The Polytechnic University of Lisbon (UPL; Portuguese: Universidade Politécnica de Lisboa), known until 2026 as the Polytechnic Institute of Lisbon, is a public technical university in Lisbon, Portugal. Established in 1986, it is one of the biggest institutions of its kind in Portugal. The university offers bachelor's (licenciatura), master's (mestrado), and postgraduate (pós-graduação) degrees in the fields of engineering, business administration, health, education, communication, music, film and dance.

== List of schools ==
The Polytechnic University of Lisbon consists of 6 schools and 2 higher education institutes, all of them spread throughout Lisbon. The schools that compose UPL are the following:

=== ISEL - Lisbon School of Engineering ===
The Lisbon School of Engineering (ISEL) is a prestigious public engineering school in eastern Lisbon, Portugal. Founded in 1852, it is one of the oldest and most respected engineering institutions in the country. ISEL offers undergraduate and postgraduate programs in various engineering disciplines, including civil, mechanical, electrical, computer, and chemical engineering.

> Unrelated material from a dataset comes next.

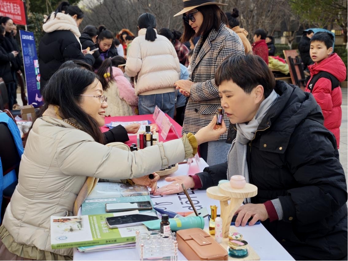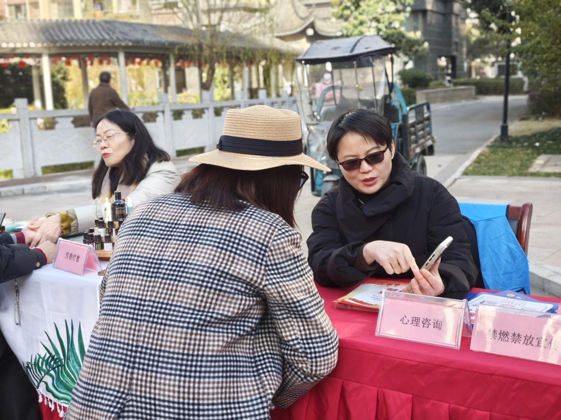 能人出库,市集变身“服务秀场”。活动当天,市集在热气腾腾的腊八粥香中拉开帷幕。与往年不同,今年的公益市集专门设置了“能人咨询台”与“特色体验区”,成为活动最大亮点。这些服务项目的提供者并非外聘专家,而是来自青锋社区“‘五青’网格驿站 助推全龄友好”项目正在积极建设的“青锋达人库”的入库能人。能人咨询台上,社区合伙人们正在为到场居民提供心理健康、家庭教育等免费咨询服务。咨询台的旁边,擅长芳香疗愈的“青锋达人”正引导居民体验精油闻香,而来自“觉浅书堂”的书法达人则手把手教孩子们拓印“福”字,传递年味。

The school emphasizes practical, hands-on training alongside theoretical knowledge, fostering innovation and technical expertise. ISEL is well-regarded for its research initiatives and strong connections with the engineering industry.

=== ISCAL - Lisbon Accounting and Business School ===

The Lisbon Accounting and Business School (ISCAL) is a renowned public institution in Lisbon specializing in business, accounting, and management education. ISCAL offers undergraduate and postgraduate programs in areas such as accounting, finance, management, and taxation.

Established in 1759, ISCAL is one of the oldest institutions of its kind in Portugal and is recognized for its emphasis on practical, industry-relevant training. It has strong ties with the business community, preparing students for successful careers in the corporate and financial sectors. It is the only school within UPL located in central Lisbon.